Would just like to wish you all the very best for your scan and I hope the results will be worthy of celebration.

Do take care,


Thanks Jenny. A celebration might be if no spread to my major organs. Downside is that onc is recommending gemzar and carboplatin anyway cause of growth regionally. I feel well right now and its very hard to contemplate more chemo wich will give me the dreaded ‘fatigue’. I’m sure I probably will go for the chemo but my big fear is to destroy this well time and never be well again.

Got in panic about something Kate said about craboplatin being off license so checked with my insurance (have AXA PPP) Apparently if onc recommends it then since August they have been paying for it…funny how some news makes you feel excited. I know in my case I would get this combo on NHS in my area but wonder whether this is another postcode lottery drug. (Carboplatn and gemzar is particularly useful for triple negatives and for er-pr-her2+++ where herceptin has failed…I think.)


Hi Jane, I know they give this combo at my hospital on the NHS and I presume under the same circumstances as you mention. My onc said to a friend of mine on prescription of this mix (and you know who you are if you read this) that they were entering ‘uncharted waters’ I guess meaning that there are not such qualified trial results as for some other chemos. Anyway, I do know of several women on this regime who are doing well and obviously wish the same for you. Also, I am not sure they are either triple neg or her2+ (so hope it is another cocktail in my own pipeline as and when required).


Hi and thanks again Jenny

Well I am having a bit of a celebration along the lines of much better news than expected. Lovely radiologist who said she would always’ tell’ if asked. She couldn’t see anything on my liver or lungs, but needed longer to compare this scan with last one to see how different it is in my chest wall., supraclav area. Will see the consultant next week.

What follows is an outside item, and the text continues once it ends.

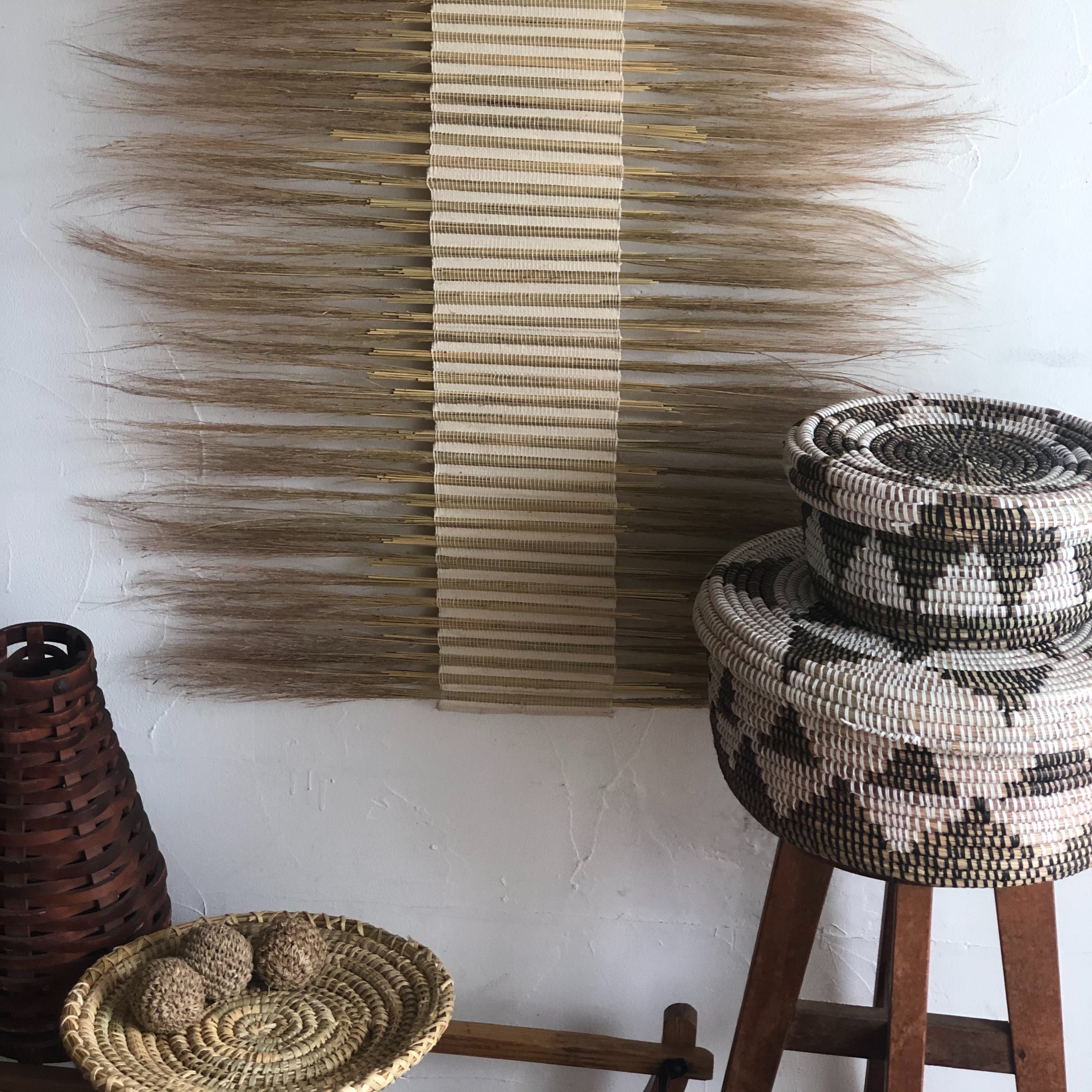 藁を織り込んだ美しいコットンタペストリー。自然素材を生かしたモダンなデザインは、和の雰囲気にも合います。

I’m really not sure that carbo/gemzar is the right way forward now. Onc’s thinking is to hit it hard now while still well and no further spread but what about later? I have e-mailed Marsden about a private referral for second opinion. Does anyone know anyone there who is partic. interested in triple negatives? Yes I think this combo has been used on er+ and pr+…but think the scanr trial evidence may show more response on er- and pr-

So I’m still not strictly speaking with secondaries…still on that strange 3c/stage 4 border which doesn’t feel very safe. Strange ways that cancer behaves. (not to mention my oncologist who gets so touchy feely its as though I’m dead already…)

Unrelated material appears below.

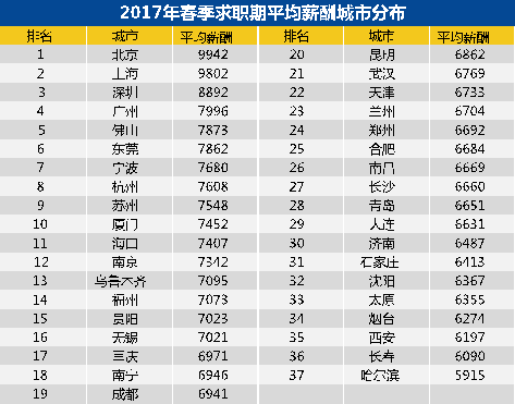 智联招聘最新公布的《2017年春季中国雇主需求与白领人才供给报告》中,从全国37个主要城市的平均招聘薪酬看,春季求职平均招聘薪酬为7665元,青岛春季求职平均薪酬为6651元。

Jane - Professor Ian Smith is the head honcho at the Marsden. I was a private patient of his for a while. Don’t know that he has a special interest in triple negs, but he does have an interest in treating people conservatively whilst they are still feeling well and having a good quality of life.

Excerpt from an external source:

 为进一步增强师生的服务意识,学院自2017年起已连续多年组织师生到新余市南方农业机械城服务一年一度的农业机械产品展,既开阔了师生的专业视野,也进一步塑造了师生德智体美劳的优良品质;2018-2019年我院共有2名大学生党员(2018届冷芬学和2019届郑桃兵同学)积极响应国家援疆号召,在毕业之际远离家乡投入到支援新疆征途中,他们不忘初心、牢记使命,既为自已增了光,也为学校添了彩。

I would be interested in how you get on re the second opinion from the Marsden. I have been toying with this since September. I do have trust in m oncologist but find it worrying that my hormone positive tumour is apparantly resistant to the aromatise inhibitors that I have had so far. I am on my 2nd chemo i
in the space of a year and am alarmed at the possibility of the options that I seem to be through.